В фойе никого не было. Все давно разошлись, и дверь дискозала была заперта. Михеев от злости двинул её кулаком. Она отозвалась скрипяще. Михеев налег плечом, шибанул, вышибив. Нашарил выключатель. На стенах вспыхнули приглушенные огни ночников. Царило полное безмолвие. Еще недавно звучавшие колонки теперь хранили могильное молчание. Пульт диск-жокея не светился лампочками и не мигал индикаторами. Всё спало, своим сном только изводя Михеева.
Михеев провел рукой по динамикам, будто лаская их, прошел за стойку, включил магнитофон. Тихо зашумел двигатель, пришли в движение бобины, из динамиков в танцзал ворвалось легкое потрескивание, потом будто возникающие из ничего сперва негромкие, но постепенно все возрастающие звуки. Михеев защелкал тумблерами пульта, и вскоре один за одним вспыхнули прожектора, завертелся под потолком зеркальный шар, отражая и преломляя разноцветные лучи, — зал ожил. С ним оживился и Михеев. Его сразу потянуло в центр помещения. Там он и замер. Посмотрел вокруг, ослеп от яркого света. Закрыл глаза. Теперь ему ничто не мешало слушать. Он и хотел только этого: слушать, слушать, слушать. А мелодия всё разворачивалась и уже проникала внутрь Михеева, заводя руки, заставлял ходить плечи, двигать бедра. Михеев заплясал, завторил мелодии, в ритме пляски широко раскидывая руки и резко выбрасывая ноги. Душа будто стала отделяться от тела, и не удивило Михеева ни его абсолютное незнание того языка, на котором исполнялась песня, ни самой темы — все будто исходило из самого Михеева, было его кровь от крови, плоть от плоти. И неизвестно откуда бралось дыхание, откуда появились силы неистово плясать, покуда исступленно колотилось сердце, покуда сжималась до боли грудь, и один Бог знает, куда и каким образом уносилось сознание.

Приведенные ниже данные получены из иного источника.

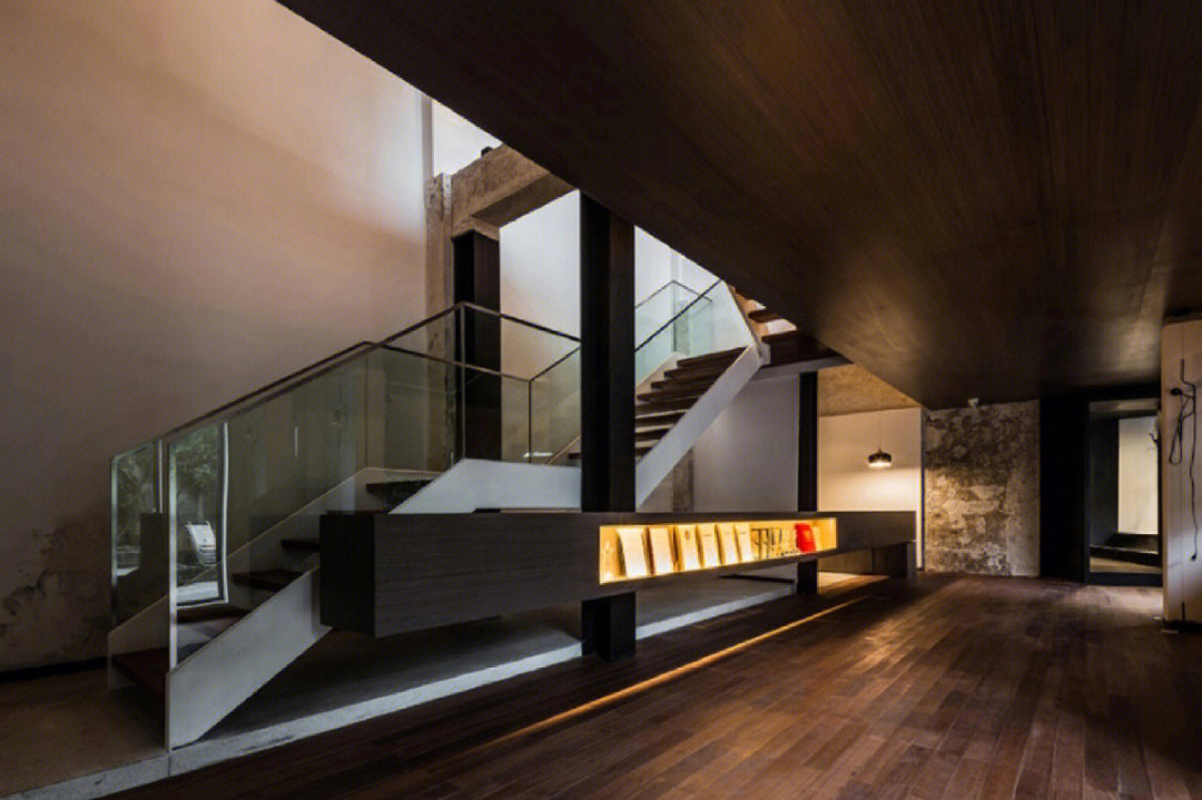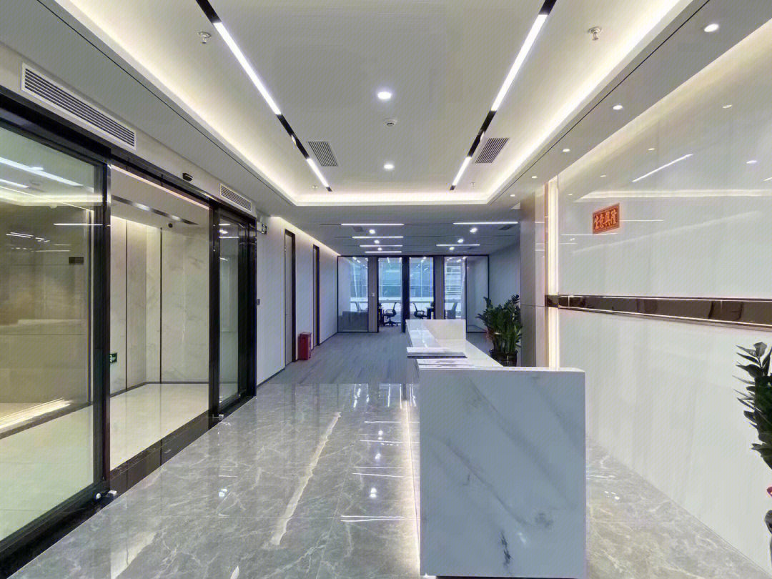 地面、墙面、天花上均以条形LED灯带勾勒,形成强烈的空间进深感、结构性的视觉初印象。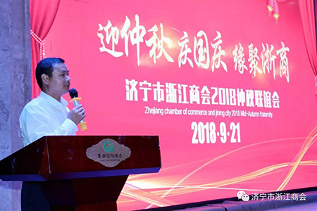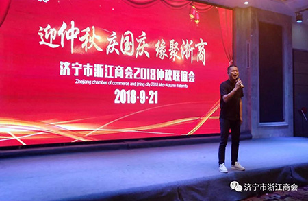 9月21日晚,濟寧市浙江商會在翠都國際酒店舉辦了以“迎中秋、慶國慶、緣聚浙商”為主題2018·中秋聯誼會活動。濟寧市工商聯主席李克學,副主席焦軍道,濟寧市民管局副局長李銀生,濟寧市投資促進局副局長代超等代表市工商聯、市民政局、市投資促進局等出席活動并致辭。濟寧市江蘇商會、濟寧市江西商會、濟寧四川商會、濟寧市安徽商會等兄弟商會及商會全體會員近200余人歡聚一堂,敘鄉情、話友誼,共迎中秋、國慶佳節的到來。

Михеев извивался, дергался, содрогался в безумной попытке навечно слиться с ритмом мелодии, а слившись, раствориться в ней. Неосознанно, в захлестнувшем Михеева порыве эмоций, он попытался преодолеть преграду, разделяющую два различных мира, две реальности. Он сблизил огромные, как шкафы, колонки, догнал до упора рычажки громкости и стал на перекрестке волн. Он уже не понимал, что творит. Мелодия пронизала его. В унисон ей задрожала каждая жилка, затрепетала каждая связка мышц. Казалось, зазвучал каждый нервный узелок. Все внутри пошло кругом, потом зашлось, больно сдавив поначалу и взорвавшись затем. Вот оно, столь долгожданное ощущение распада земной сущности и слияния с неземной!..
Сбежавшие на шум жильцы общежития обнаружили на полу безжизненное скрюченное тело Михеева. Глаза его были широко раскрыты, и в них отражалась бездонная пустота. На лице застыла гримаса радости. Кто-то побежал вызывать милицию, кто-то стал оттаскивать колонки. Скептики через пять минут покинули помещение. Одному из оставшихся показалось, что над умершим возник слабый ореол.
— Глупости, — сказали другие.
— Наверное, глупости, — согласился он с ними.
Тем не менее, после того, как остановили магнитофон, в воздухе еще чуть слышно витала музыка.
Галлюцинации слуха, решили все.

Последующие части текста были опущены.